Columbia/HCA Expects $1B-Plus Loss
NASHVILLE, Tenn. (AP) _ Columbia/HCA Healthcare Corp. today said it expects a fourth-quarter loss of $1.25 billion to $1.35 billion due to the costs of restructuring and an ongoing government investigation.
The expected loss amounts to $1.95 to $2.10 per diluted share for the quarter ended Dec. 31. News of further disappointment by a company that has endured many in the past year surprised Wall Street investors, who drove Columbia’s stock price to its lowest level in more than a year.
Thomas F. Frist Jr., Columbia’s chairman and chief executive officer, called 1997 ``a period of tremendous challenge and change″ and said he expects 1998 to include ``further challenges″ as the company works through a restructuring plan that took effect Jan. 1.
``However, we are confident that we have taken significant steps forward in our efforts to reposition the company for 1998 and future years,″ Frist said in a statement.
Columbia shares fell 5 percent, down $1.31 1/4 at $24.75 in midday trading on the New York Stock Exchange, reaching a new 52-week low.
Victor Campbell, head of investor relations for the company, stressed that reorganization and other costly changes were not aimed at ``a quick fix.″
``We’re repositioning the company for the future,″ Campbell told a telephone conference this morning.

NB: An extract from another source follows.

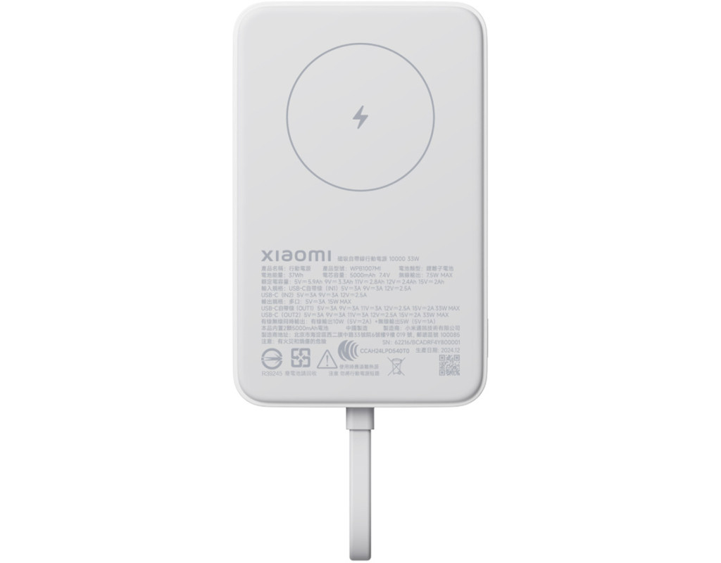 Удобный павербанк всегда под рукой Внешний аккумулятор Xiaomi обеспечивает быструю проводную зарядку мощностью до 33 Вт и мгновенную беспроводную подзарядку, стоит только подключить его к смартфону. Встроенный мощный магнит гарантирует прочность соединения и стабильность процесса восполнения емкости. Модель оснащена батареей с одновременно парой ячеек, что обеспечивает емкость 10 000 мА·ч для более длительной автономной работы подключенных девайсов. Беспроводной комфорт Эффективное и стабильное магнитное притяжение обеспечивает мгновенный коннект корпуса гаджета и павербанка. Зарядка стартует сразу после подключения, чтобы ты мог наслаждаться высокой продуктивностью без кабелей или ручного вмешательства. Закрывает все потребности в заряде Проводная быстрая зарядка мощностью до 33 Вт предлагается в каждом из портов USB-C павербанка Xiaomi. Девайс оперативно заряжает iPhone 16 Pro примерно до 58% всего лишь за 30 минут. Для обеспечения безопасности аккумулятора в гаджете первые 85% заряда восполняются на максимум, а последующие 15% в режиме микротока. Подзаряжайся на ходу Портативная батарея обеспечивает максимальную выходную мощность 7,5 Вт для быстрой магнитной зарядки. Совместима с iPhone 12 и более поздними сериями. Забудь о дополнительных проводах: смартфон легко фиксируется на павербанке, который весит всего лишь 238 г, без кабелей, которые не спутываются в руках во время зарядки на ходу. Зарядка без потери времени Модель разработана для одновременной подзарядки трех устройств без саморазрядки при использовании проводного или беспроводного способа подключения. Уровень мощности в любом из случаев остается достаточным для быстрого и эффективного восполнения уровня заряда. Всегда готов к работе Павербанк Xiaomi заряжается от двух портов USB-C одновременно и имеет максимальную мощность 30 Вт. Для полной зарядки устройства необходимо 2 часа 20 минут. Заряда хватит на всех; Аккумулятор большой емкости на 10 000 мА·ч оснащен двумя высокопроизводительными ячейками емкостью по 5000 мА·ч. Девайс имеет достаточно мощности, чтобы зарядить iPhone 16 Pro примерно дважды. Увеличенный срок службы аккумулятора для вашего спокойствия. Простое магнитное крепление предотвращает перебои с электропитанием, гарантируя стабильный процесс. Стильный и удобный Девайс имеет продуманный форм-фактор и небольшие размеры. Одинаково удобен для проводной и беспроводной зарядки. Удобное кабельное подключение дает возможность расположить павербанк в любой части рабочего стола. Беспроводная технология открывает комфорт восполнения уровня заряда на ходу, в поездках, на совещаниях. Матовый корпус с силиконовой магнитной панелью гарантирует приятное на ощупь покрытие, уменьшающее риск появления царапин на корпусе телефона. Поместится где угодно Модель тонкая и компактная: легко помещается в кармане сумки или рюкзака, становясь важным компаньоном для решения разных задач. Портативный павербанк удобно брать с собой в путешествия. Благодаря закругленным краям его комфортно держать в руке, даже когда он подключен к смартфону. Постоянный контроль Яркий индикатор обеспечивает быстрый и удобный мониторинг уровня заряда павербанка. Четыре световых индикатора наглядно показывают весь оставшийся уровень емкости батареи. Будь в курсе процессов для своевременной зарядки и про

Campbell highlighted a slight increase in hospital admissions of one-half of one percent. He said while that wasn’t up to the 3 percent to 4 percent a quarter growth the company once saw in hospital admissions, it indicates a confidence in patient care at Columbia/HCA.
Included in the loss are costs of about $375 million to $425 million, or 60 to 70 cents per diluted share, from continuing operations, about $750 million in assets being closed or sold off, about $60 million in costs associated with ongoing government investigations and severance costs for ousted executives, and $60 million due to a change in accounting principles.
Nashville-based Columbia plans to sell off its Value Health home health care business, some surgery centers and about a third of its hospitals as a result of a wide-ranging federal investigation into alleged Medicare fraud.
Columbia bought ValueHealth benefits management company for $1.3 billion and almost immediately sold part of it, Value Behavioral Health, for $230 million.
Three middle managers have been indicted and the company itself is a target of the investigation into allegations that the federal government was fraudulently overbilled.
Sales declined by about 10 percent over the quarter, compared with the comparable 1996 period, the company said. The company attributed the drop to lower Medicare reimbursement rates and higher estimates of the cost of discounts and contract agreements with payers. Salary and bad debt costs also contributed to lower sales, the company said.
The company’s financial statements for all of 1997 are being audited. Final figures are expected to be released Feb. 13.